The first “skill” is deportment. The “opera singer” debunks the Lay Clerk on the grounds that their singing is highly choreographed and they act/dance as well as sing. The Lay Clerk isn’t that much different actually, we process in and out and we move around Quires and Sanctuaries with the precision of a Guardsman. We have to. Some choirs sit up in lofts out of sight, but even if you do, a little precision of movement is an important thing. It reminds you of your purpose and dignity, and even subconsciously, it teaches you to move, operate, and think as a team. It used to really annoy me, 5 mins before mass, when the Brompton Oratory choir would cross the nave in a “gaggle” on their way to the choir loft. On the occasions when they would sing in front of the Lady Chapel it would take them forver to get organised because they were so used to not being seen. Precision, deportment, movement are all important. Teach your choirs to move as a body, to walk upright, to be dignified. Train them to move around the church to sing from different positions when required to do so.

The next skill is sight reading. So many choirs rely on “note bashing” and in a rehearsal devote no time to sight reading exercises. The ability to sight read is what Eric Whitacre included in his reasonsing as to why British choirs are amongst the best in the world. My sight reading ability isn’t perfect, but it doesn’t usually take too long for me to work out where a piece is going and for me to be able to predict with accuracy. A lot of amateur church choirs over here also devote time to teaching singing technique on a 1-1 or small group basis and are able to do this because they don’t have to spend hours note-bashing until the choir has memorised the piece. Like I said, if you really want to make an opera singer sweat, make them sight read. Many of the best opera singers in the world can’t do it because they are so used to memorising their roles.

Following sight singing is repertoire. A choir will have it’s own personality and with it a standard faire of repertoire that they are used to. Now I’m not suggesting that you only sing the same 5 pieces week in week out but that the chorister will feel most comfortable knowing that the majority of what he/she sings falls into a discrete category of music with the odd bit and piece that is unusual. Singing in Poscimur means the bulk of the rep is 19th and 20th Century English composers and Anglican chant. Every so often we get some Byrd or Palestrina, but the bulk of our work is Sumsion, Blow, Bairstow and the likes. It means with experience comes confidence in knowing what I’m doing when I’m with that choir. If it suddenly vered towards a choral diet of Gesualdo and Des Prez (and I frankly wouldn’t mind if it did), it would rattle the choir because it’s not the core of what we do. Having a “house style” means that you become good at what you do because you mix skill with experience.
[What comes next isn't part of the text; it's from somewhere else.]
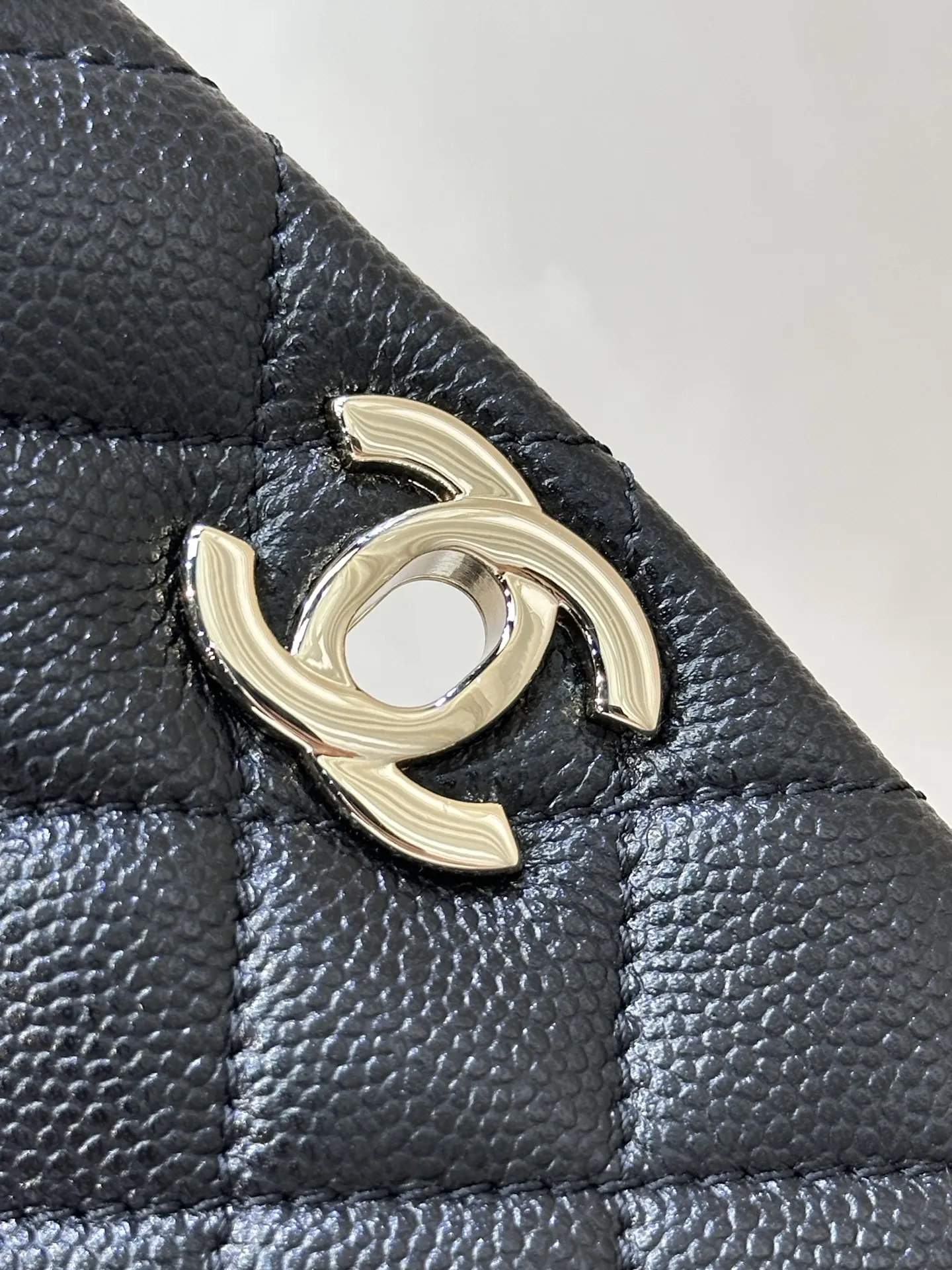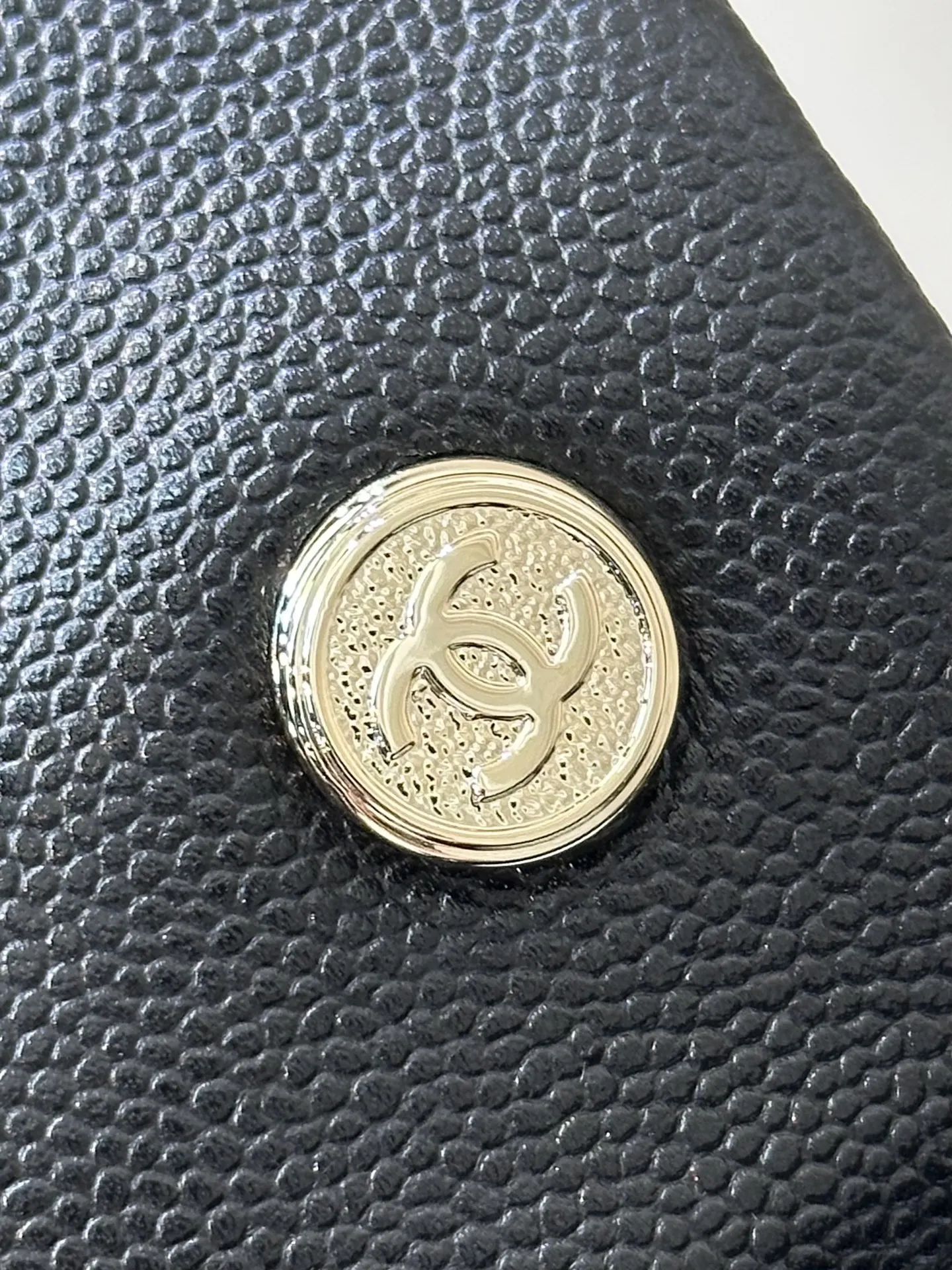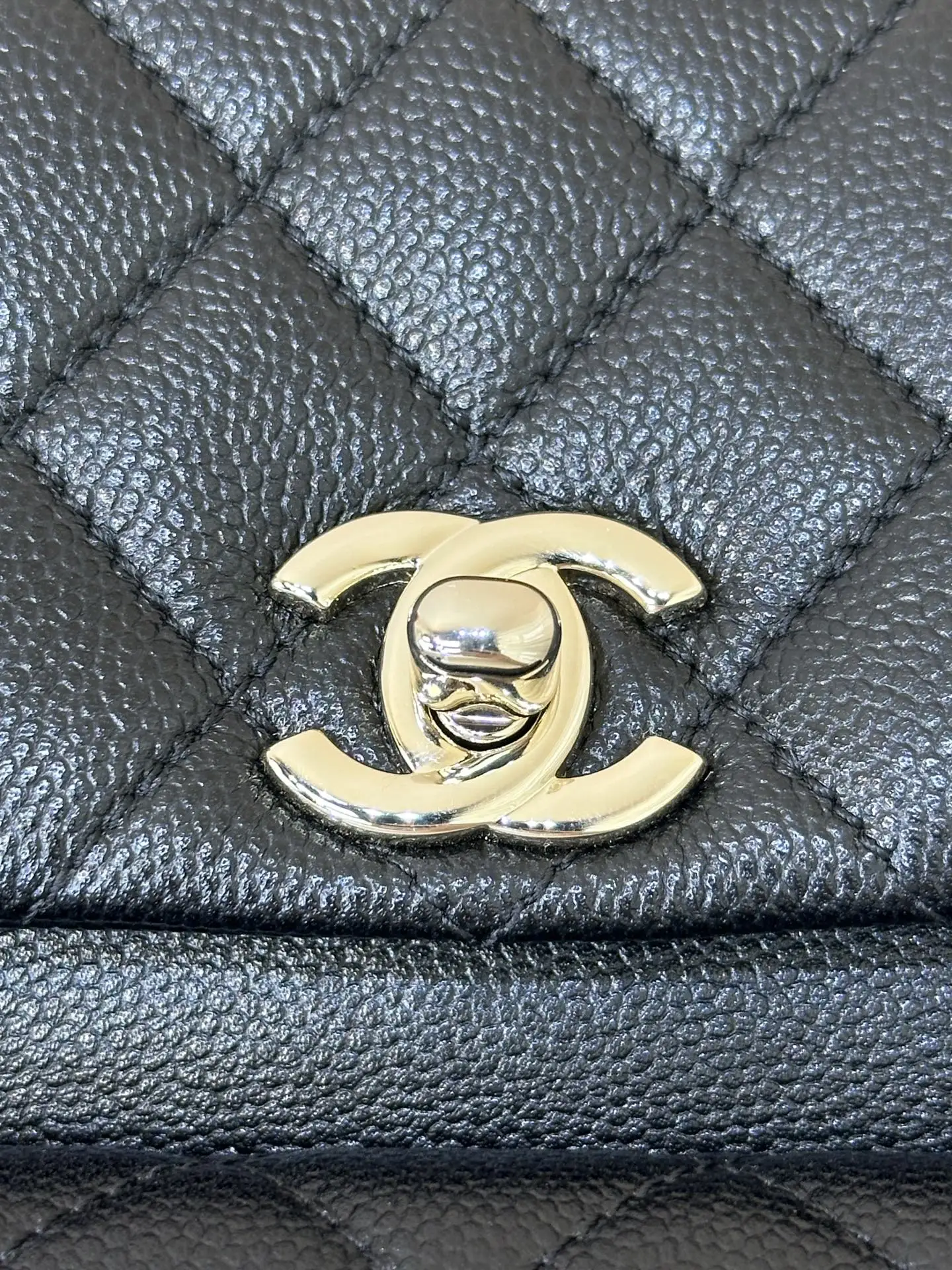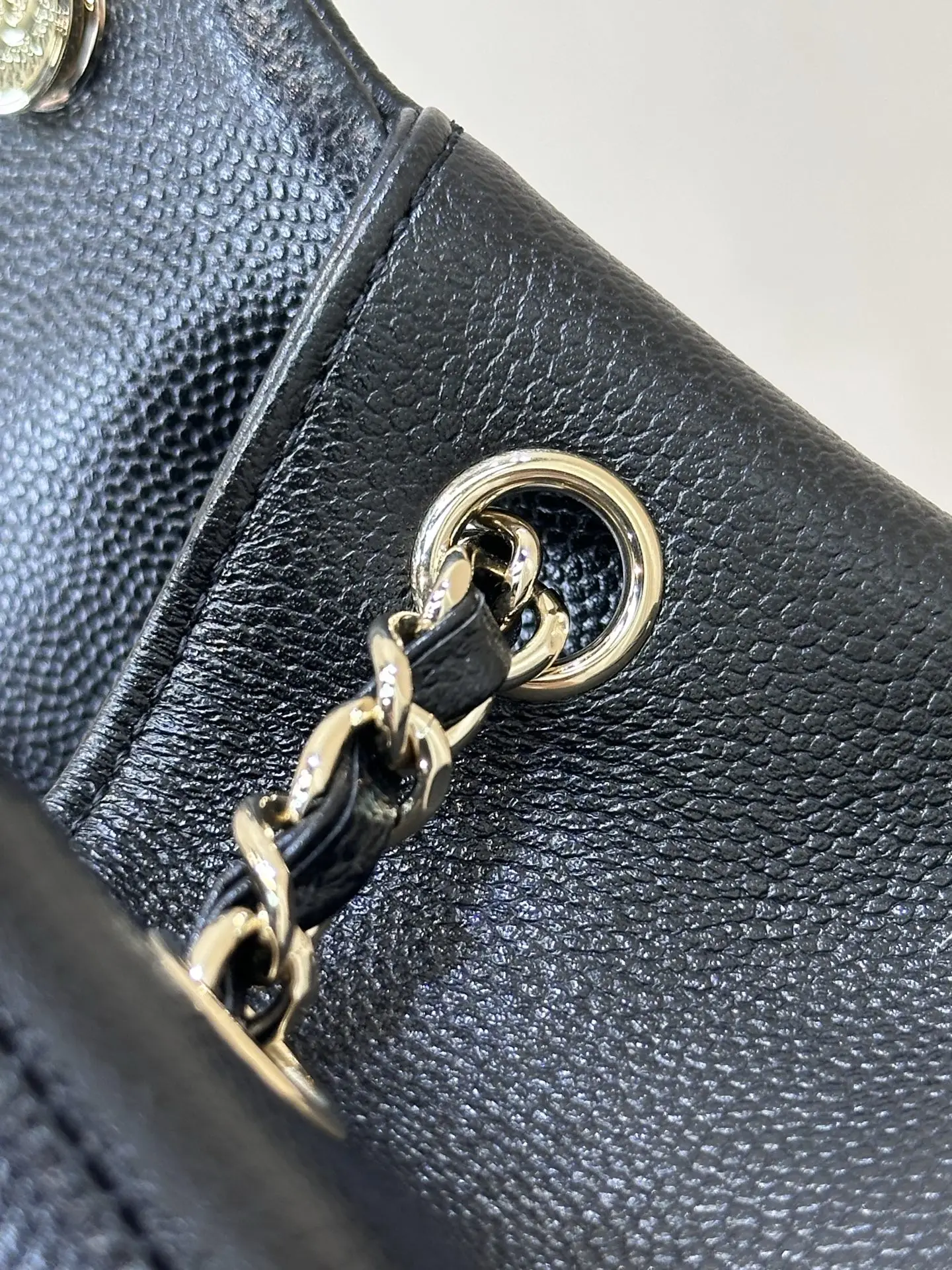 4399/ 淡淡的金色五金搭配黑色鱼子酱质感很好 链条是亮面感 中间是皮拼链设计 这个设计的要求非常高不仅要做好链条的光感还要做好皮质的精致 除了原厂几乎做不到 包身上的五金采用真金电镀的工艺 亮泽的质感

The next skill is liturgy. It’s no good just tipping up to sing without knowing the context you are singing in. It’s worth doing joint workshops with the altar servers to learn how the liturgy goes together, what prayers are said when and why. A deep understanding of the liturgy helps you understand what’s going on when something needs to change, or when there’s a curve ball, like the sudden need to dig out a “potboiler” motet at short notice. A good Lay Clerk will understand the workings of all of the liturgies that he sings, the meaning and significance of the actions, and the way in which the prayers and readings go together.

The final one is professionalism. It’s a skill that doesn’t always translate too well in amateur terms and one that when singing with amateur choirs so many of them struggle with. When I’m paid to sing and I have a call time, I’m there 10 minutes early. When the rehearsal starts there’s quiet and we follow instructions and mark up accordingly. We sing what we are asked to sing. When the Director speaks we are quiet. In the amateur choir it’s hard when Betty and Doris start chatting away whenever the Director speaks akiing it hard for others to listen, or when Albert’s 5 minutes late and then disrupts everyone else by rumaging through his bag for the music or his pencil, or his brain! It’s annoying to hear Derek pontificate about how he did this motet with the cast of thousands in the Chipping Sodbury Choral Society and how it was so much better with the trembling voices of the countless octigenarians when he should be concentrating on the direction being given by this director of this choir. It’s hard instilling discipline on people who willingly give up their time to sing, but want to do so on their own rambling terms. I’d suggest the way to move around this is to act professionally. I sing in a choir at a church in St Albans. It doesn’t pay a fee, but the Gentlemen each have a pigeon hole with their names on it (Mr Fraser in my case, not “Keith”). Each week the music is left in the pigeon hole. In the song school the boys and girls are expected to keep silence once rehearsal starts. The adults are expected to set the example. It’s the little things like this which means that the entire choir pulls together “professionally”. In the deputising cathedral choir I sing with Cathy, the Director of Music rules with a gentle iron rod. What it achieves is a mentality that strives for excellence and a real sense of achievement at a job well done.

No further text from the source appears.